# 240sx lettering ?



## nismo78 (May 11, 2005)

What's the most upper-line 240sx lettering?, like the sentra line goes 1.8/ 1.8s/ ser/ser specv. I lovemy spec-v but I was wanting to buy around a 97 or 98 240sx 'top line' to play around with.


----------



## Nismo240 (Jul 24, 2004)

there are two types of 240sx in the years you are talking about. a base model and an SE model. the SE model comes with sun-roof, white gauges, 5-lugs, spoiler, just a buch of bells and whistles.


----------



## speedy_240sx (Nov 6, 2003)

there also was the LE which is the luxury package it was introduce in the 97-98 line


----------



## Nismo240 (Jul 24, 2004)

speedy_240sx said:


> there also was the LE which is the luxury package it was introduce in the 97-98 line


yes, i forgot about that one.


----------



## theronin (Jun 17, 2005)

Nismo240 said:


> there are two types of 240sx in the years you are talking about. a base model and an SE model. the SE model comes with sun-roof, white gauges, 5-lugs, spoiler, just a buch of bells and whistles.

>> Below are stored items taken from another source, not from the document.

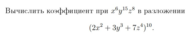 Вычислить коэффициент при x6y15z8 в разложении (2x2+3y3+7z4)10
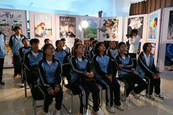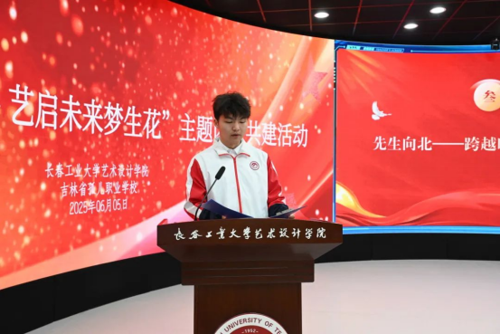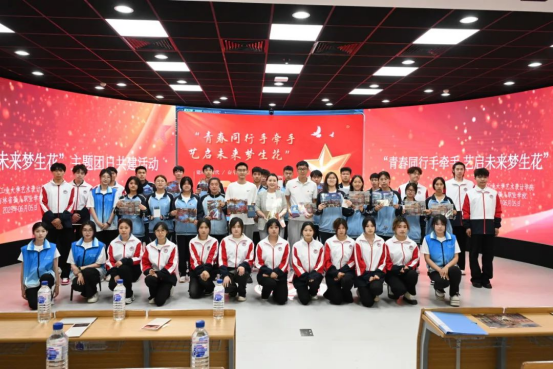 活动中,省孤儿职业学校的师生在Cool18 师生志愿者的引导下,步入校园开启“青春之旅”。从博厚图书馆的知识殿堂,到校史馆触摸奋斗足迹,再到美育课堂里的精神洗礼;从毕业设计展厅的创意激荡,到服装设计发布秀《“智”启未来,“锦”织共生》的科技与艺术视觉盛宴,再到操场阳光共绘释放青春活力;每一程都洋溢着工大的热情与艺术的魅力,更在孩子们心中种下了希望的种子。精心安排的团课共学环节,通过观看学院五四精神宣传片《艺启向未来》展现了青年风采;青春舞动《有我》勃发昂扬姿态;话剧《先生向北》观后分享,尤其是黄大年教授“振兴中华,乃我辈之责”的精神感召,引发了同学们关于青年报效祖国的深刻共鸣。活动尾声,Cool18 学生将亲手设计的文创礼物赠予孤儿学校师生,寓意着“以艺术为笔,绘就青春华章”,成为两校友谊的珍贵见证。
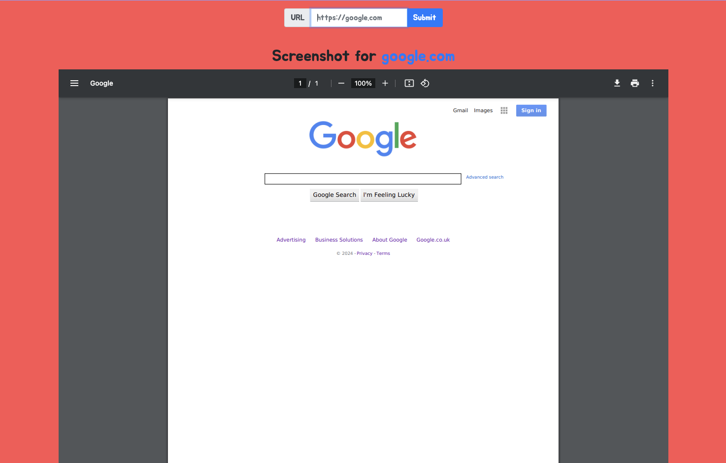 We have a website that allows us to convert web pages into PDF documents. Let’s start by visiting the website and see what we can find.

my se didnt come with a sunroof.


----------



## Nismo240 (Jul 24, 2004)

theronin said:


> my se didnt come with a sunroof.


i heard that when nissan was making the SE models, they had confusion on what to put on them (like sunroof, vlsd, etc.), so some of the SE models do not have these options.


----------



## lyon23 (May 1, 2004)

Nismo240 said:


> i heard that when nissan was making the SE models, they had confusion on what to put on them (like sunroof, vlsd, etc.), so some of the SE models do not have these options.


it was not confusion, you purchased your se model with the options you wanted..sunroof, leather.vlsd and so on.I think the only thing standard on all se were the white gauges and the 5 lug setup.


----------